His father died when James was a first-year high school student. Left to care for his mother and seven siblings, James took responsibility at a young age. To provide for the family, he worked on weekends at construction sites while still in high school. Going to school was tough. He had to walk two kilometers to get to school every day. As every peso counts, James had to make do with charity from classmates and find ways to live on what he had. “Sometimes, all I’d have was a peso for food, so I’d buy chips and eat them with rice,” he said, in Filipino. Through it all, he always put his family’s needs above his own.

James may appear to be brave and strong but there were times when he resigned to his family’s fate, to play the hand they were dealt with. He accepted that his education would end with high school. He had the chance to apply for a sports scholarship for table tennis at a small college in Manila, but having no money to spare, his mother dissuaded him. The scholarship did not cover the other miscellaneous school fees.

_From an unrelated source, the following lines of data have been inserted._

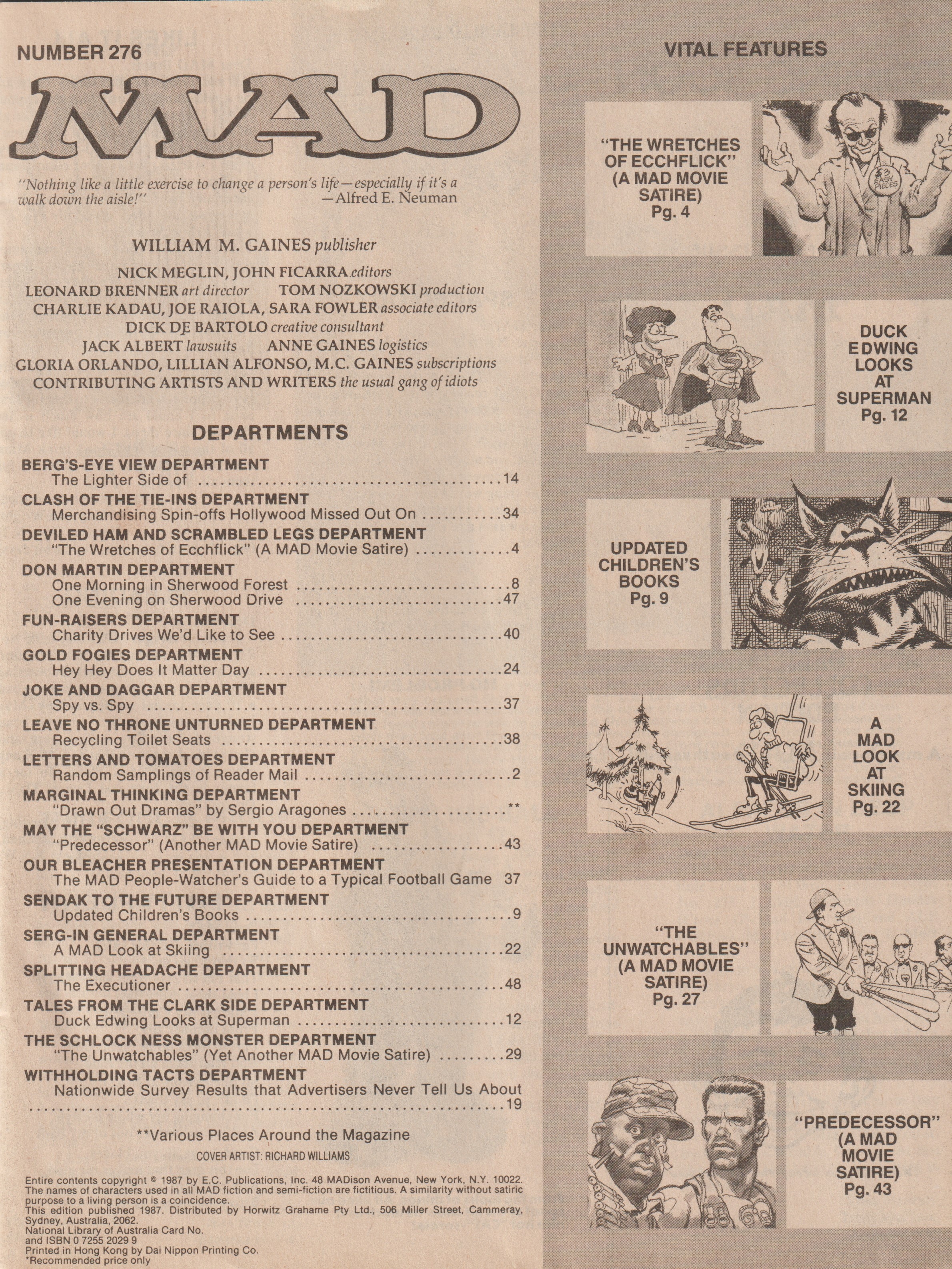 MAD Magazine #276 MAD Magazine (Australia) Updated: August 2nd, 2021 Country: AustraliaSale price: AU$1.95Format: Magazine Editorial Cover Artist: Craig Handley Additional Images
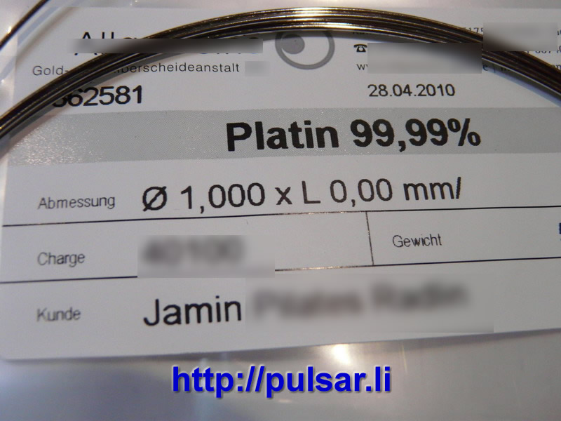 Solche hochreinen Platinelektroden sind kaum mehr zu finden. Die gängigen Elektroden weisen eine Reinheit von 99,95% auf, was für Elektrolyse auch gut genug ist. Aber 99,99% ist exclusiv rein.
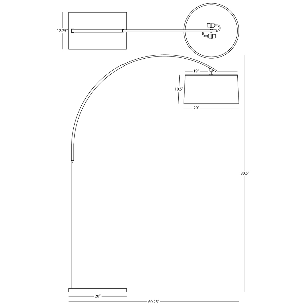Polished Nickel Finish Archer Floor Lamp with White Brussels Linen Shade with Self Fabric Bottom Diffuse - The Archer floor lamp is balanced with organic lines to make it feel light, ethereal, and contemporary
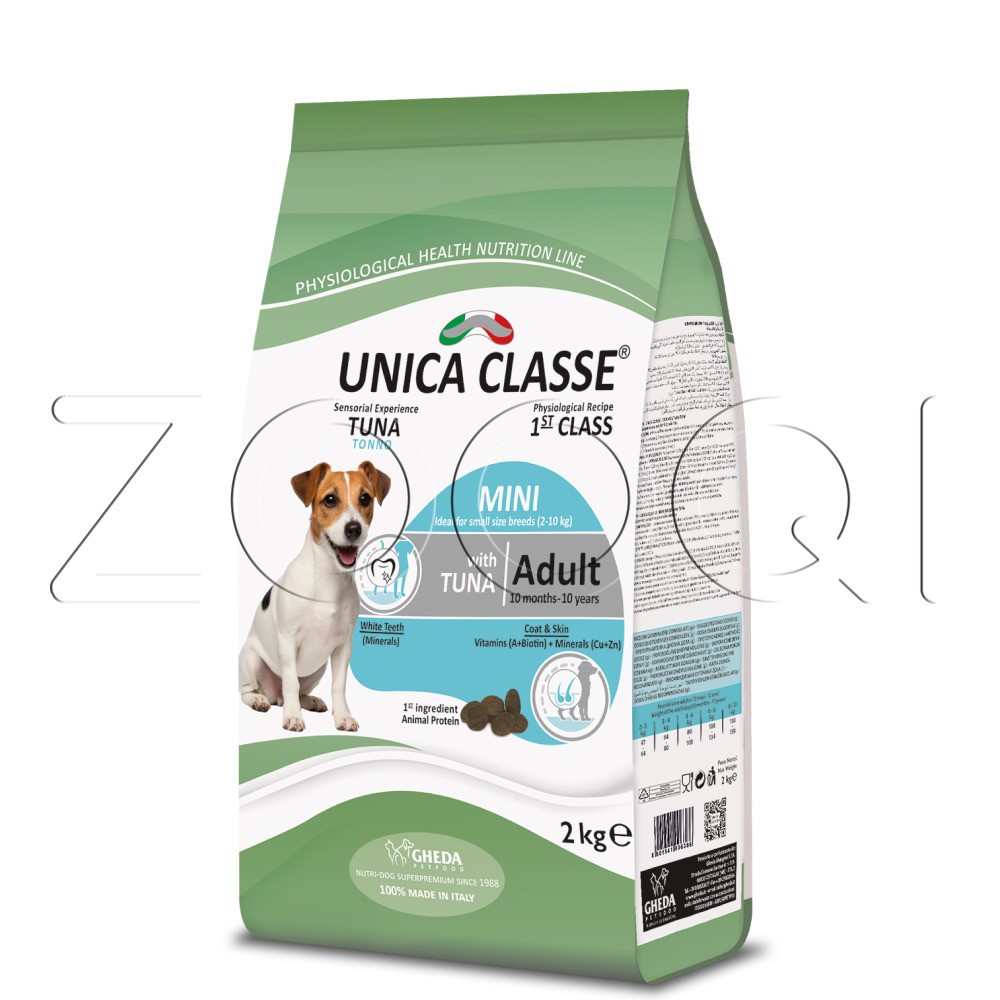 Итальянский полнорационный сухой корм Unica Classe Adult Mini Sensitive с тунцом для взрослых собак малых пород от 10 месяцев до 10 лет. Mini Sensitive предназначен для собак с массой тела от 2 до 10 кг. Корм Unica Classe содержит все необходимые ингредиенты для здоровья Вашего питомца. Основным ингредиентом являются животные белки (тунец), которые являются основным источником аминокислот. В качестве одного из источника углеводов в составе присутствует белое сорго – это альтернативный злак с самым низким гликемическим индексом. С данным кормом Вашему питомцу обеспечен здоровый вид шерсти и кожи. В нём содержится витамин А, биотин, цинк и медь, которые способствуют укреплению кожи. Ускоренному заживлению ран, блеску и яркости шерсти.
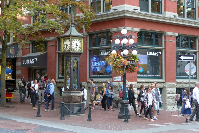 Vancouver empfängt uns am späten Nachmittag mit einem eher europäischen Fahrstil, den wir in dieser Hast gar nicht mehr gewohnt sind. Den Besuch der Stadt (auch ungewohnt viele Menschen) beschränken wir auf Downtown und Gastown, wo schöne alte Häuser neben den Wolkenkratzern bestehen. Die alte Dampfuhr zieht viele Besucher an. Mit ihren sieben Kugeln und dem dampfmotorbetriebenen Aufzug lässt sie das Publikum raten, wie das wohl funktioniert. Dann bläst sie zur Viertelstunde ihre Melodie.
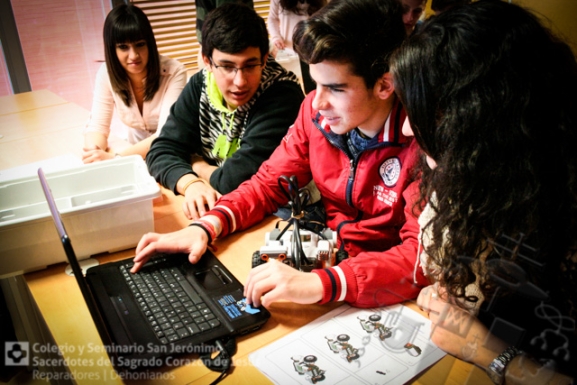 Ya en Peñaranda han podido visitar el CITA para realizar varios talleres muy interesantes, todos relacionados con la tecnología. Los más pequeños han experimentado con microscopios USB las maravillas de lo que no se ve a simple vista. Y todo ello, en inglés. Los cursos de 3º y 4º de ESO se han divertido creando su propio videojuego y los mayores de bachillerato han construido su propio robot, lo han programado y hasta han realizado una competición de sumo robótico.
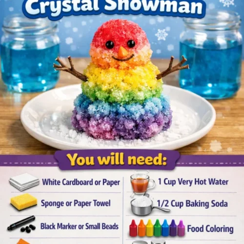 A: Typically, crystals begin forming within a few hours, but it’s best to let the snowman sit overnight for optimal results.
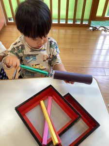 自分で作ったマスに豆をいれて、
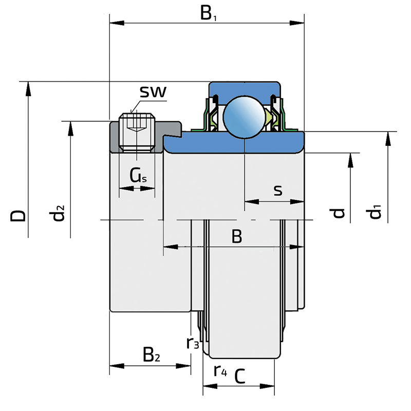 Dual sealing, protection cover placed on the inner ring protects against rough impurity particles and makes the labyrinth with the sheet part of the seal; then the sealing S type, with the labyrinth between the sheet part and the rubber lip that conducts the contact sealing. The friction and speeds are the same as with S but has much better protection against rough impurity particles. It is very good sealing system: the sheet part protects the seal from the soil, dust and rough particles. At the same time makes the labyrinth with the rubber part. The rubber part provides the contact sealing that prevents the penetration of the finer impurities, water, moisture, steam etc. Suitable for heavier conditions due to better protection against foreign matters. It is used with the Y bearings (standard).
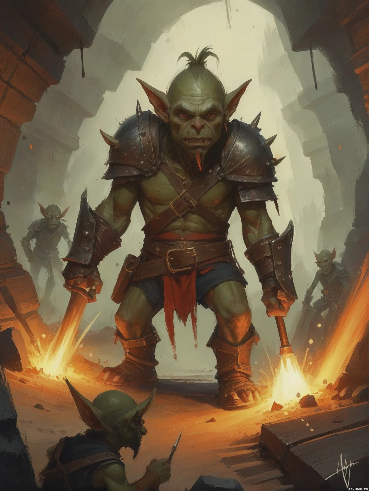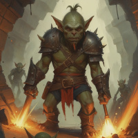 glowing effect. Behind the goblin, there appears to be a group of small, green creatures that might also be goblins, seated near what looks like
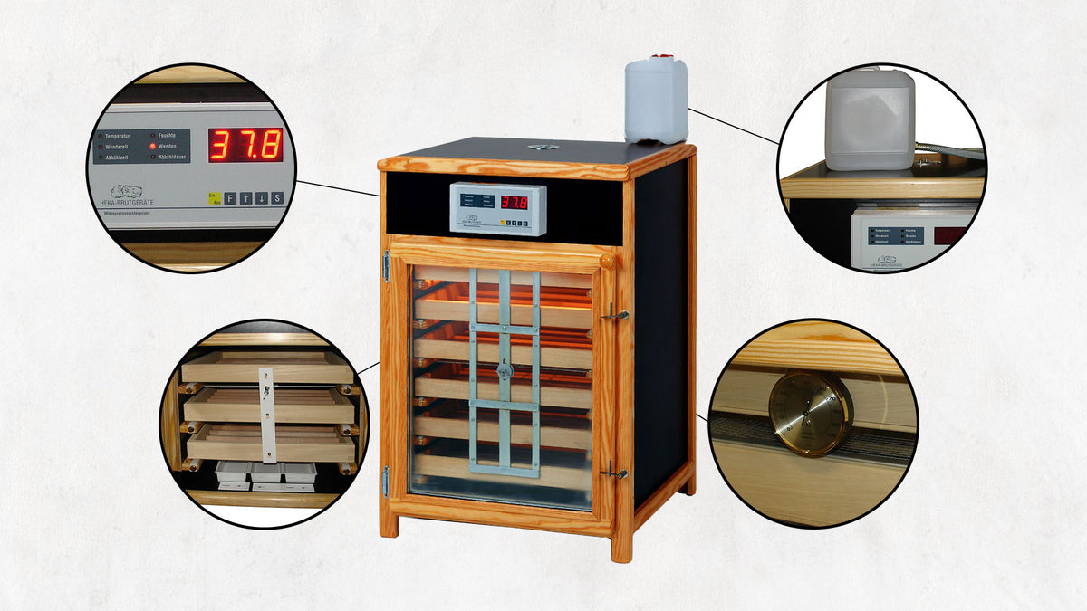 A stately device that will help you enjoy incubation and hatching even more. No matter which type of poultry, ornamental fowl, or bird you intend to breed, you are on the right track with the HEKA Euro-Lux Berlin. Highly recommended for aquatic waterfowl and ornamental wildfowl. Both the incubator and hatcher are provided with separate computer controls; This means that both compartments can be controlled and switched completely independently of one another. This is an unmistakable advantage for managing the humidity, which is considerably higher during the hatching phase than during the incubation phase. You don't have to make any compromises with this device.
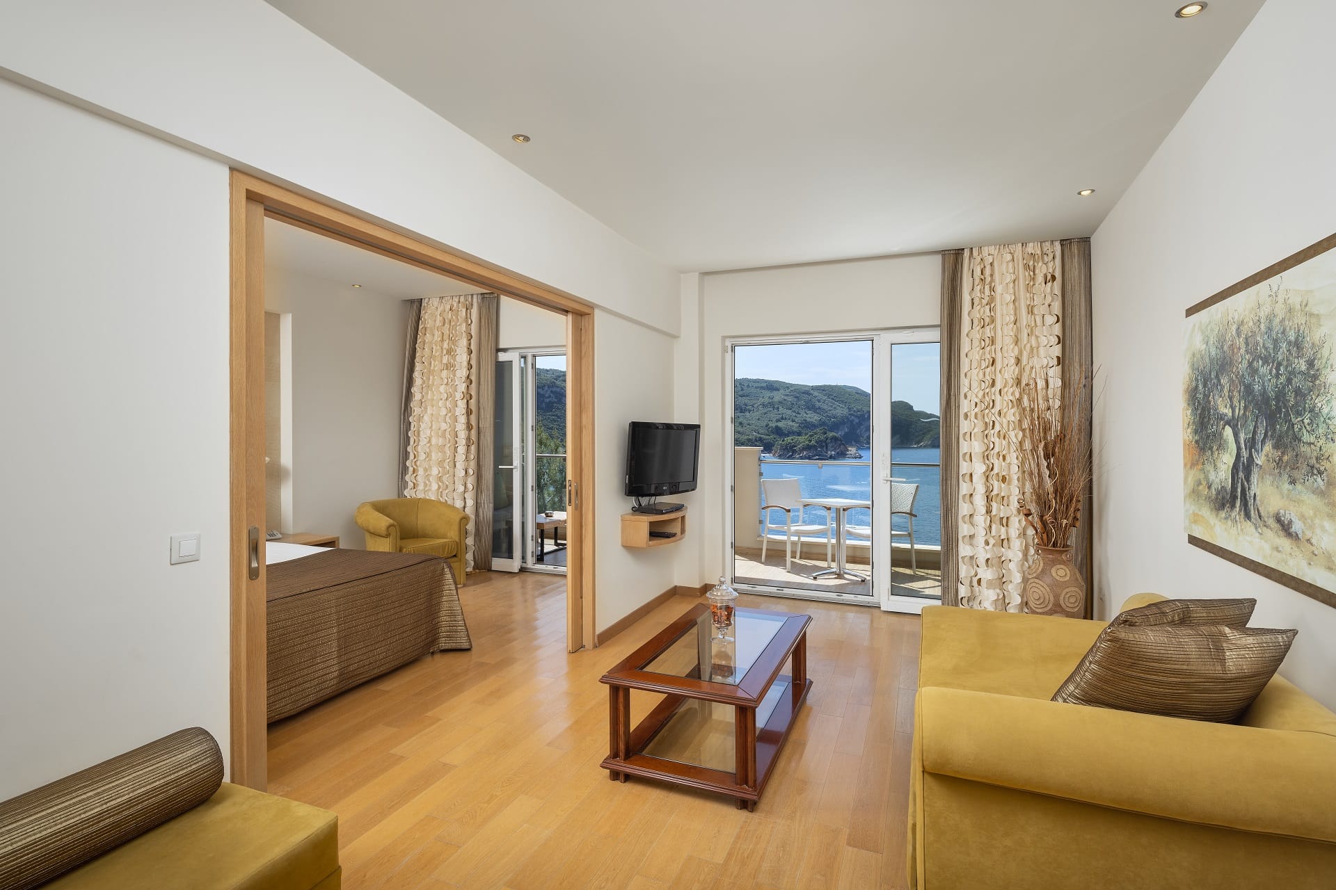 Die Zimmer haben eine Größe von ungefähr 45 m2 und der Privatbalkon bietet einen wunderschönen Blick aufs Meer. Ein Schlafzimmer verfügt über ein Doppelbett und das andere ist mit 2 Einzelbetten ausgestattet.
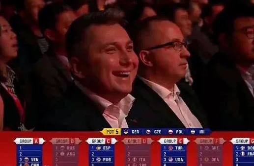 当科比和杨超越将波兰抽到中国队所在的A组时,镜头扫过,波兰篮协主席抑制不住内心的激动,露出了开心的笑容。显然,他对于这个分组非常满意。波兰媒体发表评论称,再也没有比这更好的分组了。

Finally, a glimmer of hope. An aunt who lived near the Universal Robina Corporation plant in Dasmariñas, Cavite, asked him if he wanted to apply for the Gokongwei Brothers Foundation’s Iskolar ni Juan program, a scholarship that would not only pay for his technical education but would also cover miscellaneous fees, housing, and expenses.

James knew this was an opportunity he cannot pass up. Wasting no time, he submitted the requirements.

“I didn’t think about whether I would pass or not; I just needed to know that I’d tried,” he said.

The happiest day of his life came when he found out the school accepted his application. A door that had seemed closed had opened.

As a GBF Iskolar ni Juan, James studied technical and theoretical subjects. In the Mechatronics curriculum—electricals, pneumatics, programming, hydraulics—he learned necessary skills to operate machinery. Even more important, he learned values through the program. “The best thing about the Iskolar ni Juan program is that it’s taught me how to be a better person,” he said. “I learned the importance of discipline and how to get along with people,” he added.

Now, on the job, he continues his education through industry immersion. He works as a Production Operator in the Cooking Section at URC Cavite, operating a machine that makes Dynamite and XO candies. “Here, I really learned what the word ‘responsibility’ means,” he said. “I need to be responsible because one mistake could stop the whole production and cost the company money.”

With the keys to his future in his hands, he’s now able to open doors for others like him. His stable income has allowed him to put two siblings through school and to help a cousin graduate. Two other siblings have followed his example and are now in the Iskolar ni Juan program. One sibling lives with him and is studying under the Alternative Learning System.

Two other siblings are working students employed by one of his aunts. James’ story is proof that anything is possible, so one must never stop putting in a good day’s work. “I want to continue improving myself. I might have my own family one day and I want to make sure I’m able to provide for them,” he said.

His father left big shoes to fill when James was a boy, but he’s grown into them and proven himself. He texts his mom every morning and sends her money every payday, as his father would have wanted. “I’m inspired by what my father told me before he passed away—the oldest son should stand as the father to his siblings. I feel that I’ve achieved this.”